Is America’s past a tale of racism, sexism, and bigotry? Is it the story of the conquest and rape of a
continent? Is U.S. history the story of white slave owners who perverted the electoral process for
their own interests? Did America start with Columbus’s killing all the Indians, leap to Jim Crow
laws and Rockefeller crushing the workers, then finally save itself with Franklin Roosevelt’s New
Deal? The answers, of course, are no, no, no, and NO.
美国的过去是一个种族主义，性别歧视和偏执狂的奇谈怪论吗？是征服和强奸新大陆的故事吗？美国历史是白人奴隶主为了自己的利益为所欲为改变选举程序的故事吗？美国是从哥伦布杀害所有印第安人开始，然后一步跨到吉姆·克罗（Jim Crow） 法和镇压工人的洛克菲勒，最终凭借富兰克林·罗斯福（Franklin Roosevelt）新政而挽救的吗？答案当然是绝对否定的。
One might never know this, however, by looking at almost any mainstream U.S. history textbook.
Having taught American history in one form or another for close to sixty years between us, we are
aware that, unfortunately, many students are berated with tales of the Founders as self-interested
politicians and slaveholders, of the icons of American industry as robber-baron oppressors, and of
every American foreign policy initiative as imperialistic and insensitive.
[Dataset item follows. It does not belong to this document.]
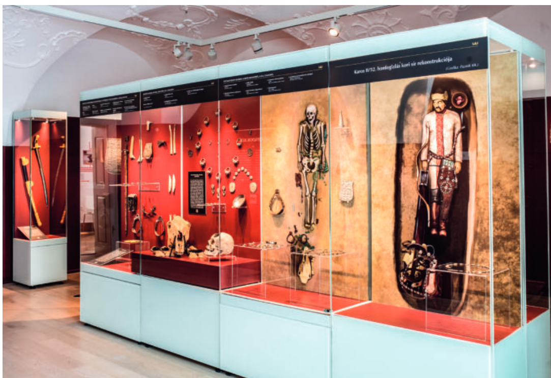
A Királyok és Szentek – Az Árpádok kora kiállítás honfoglalás korát bemutató termének részlete

történészeknek korábbi, ezt kétségbe vonó álláspontjuk 14 újraértékeléséhez. A honfoglalók bronzkorig rekonstruált története segíthet a korábbi nyelvészeti hipotézisek pontosításában is, így például a magyar nyelv iráni jövevényszavai 15 talán a szarmatákhoz köthetők, míg a legkorábbi török jövevényszavak 16 jó eséllyel a hunoknak tulajdoníthatók.

At least Howard Zinn’s A
People’s History of the United States honestly represents its Marxist biases in the title!
What is most amazing and refreshing is that the past usually speaks for itself. The evidence is there
for telling the great story of the American past honestly—with flaws, absolutely; with
shortcomings, most definitely. But we think that an honest evaluation of the history of the United
States must begin and end with the recognition that, compared to any other nation, America’s past
is a bright and shining light. America was, and is, the city on the hill, the fountain of hope, the
beacon of liberty. We utterly reject “My country right or wrong”—what scholar wouldn’t? But in
the last thirty years, academics have taken an equally destructive approach: “My country, always
wrong!” We reject that too.
最令人惊奇和令人耳目一新的是，历史通常可以自我澄清。证据就在那里，并诚实地讲述美国人过去的伟大故事-绝对有缺陷，肯定有不足。 但是我们认为，对美国历史的诚实评估自始自终必需承认，与任何其它国家相比，美国的历史是一束明亮而闪耀之光。美国过去和现在都是山巅之市，希望源泉， 自由灯塔。我们完全拒绝“我的国家是对还是错” –什么学者不会？但是，在过去的三十年，学者们采取了同样具有破坏性的方法：“我的国家，永远错误！”我们也拒绝这一观点。
Instead, we remain convinced that if the story of America’s past is told fairly, the result cannot be
anything but a deepened patriotism, a sense of awe at the obstacles overcome, the passion invested,
the blood and tears spilled, and the nation that was built. An honest review of America’s past would
note, among other observations, that the same Founders who owned slaves instituted numerous
ways—political and intellectual—to ensure that slavery could not survive; that the concern over not
just property rights, but all rights, so infused American life that laws often followed the practices of
the common folk, rather than dictated to them; that even when the United States used her military
power for dubious reasons, the ultimate result was to liberate people and bring a higher standard of
living than before; that time and again America’s leaders have willingly shared power with those
who had none, whether they were citizens of territories, former slaves, or disenfranchised women.
And we could go on.
相反，我们仍然坚信，如果公正地讲述美国过去的故事，其结果不外乎加深爱国情怀，对阻碍的克服，对激情的投入， 对撒的血泪，对建立的国家感到一种敬畏。除其它发现外，诚实回顾美国的过去会让人注意到，拥有奴隶的同一建国之父们在政治和思想层面制定了许多方法以确保奴隶制无法继续存在；不只是对财产权，而是对所有权利的忧虑充斥美国生活，以至于法律经常遵循普通民众做法，而不是命令他们；即使美国出于暧昧的原因使用武力，最终结果是解放人民并带来了比以前更高的生活标准；美国领导人一次又一次地与那些无权无势的人分享权力，不管他们是领地的公民，曾经的奴隶，还是被剥夺权利的妇女。 这些例子举不胜举。
The reason so many academics miss the real history of America is that they assume that ideas don’t
matter and that there is no such thing as virtue. They could not be more wrong. When John D.
Rockefeller said, “The common man must have kerosene and he must have it cheap,” Rockefeller
was already a wealthy man with no more to gain. When Grover Cleveland vetoed an insignificant
seed corn bill, he knew it would hurt him politically, and that he would only win condemnation
from the press and the people—but the Constitution did not permit it, and he refused.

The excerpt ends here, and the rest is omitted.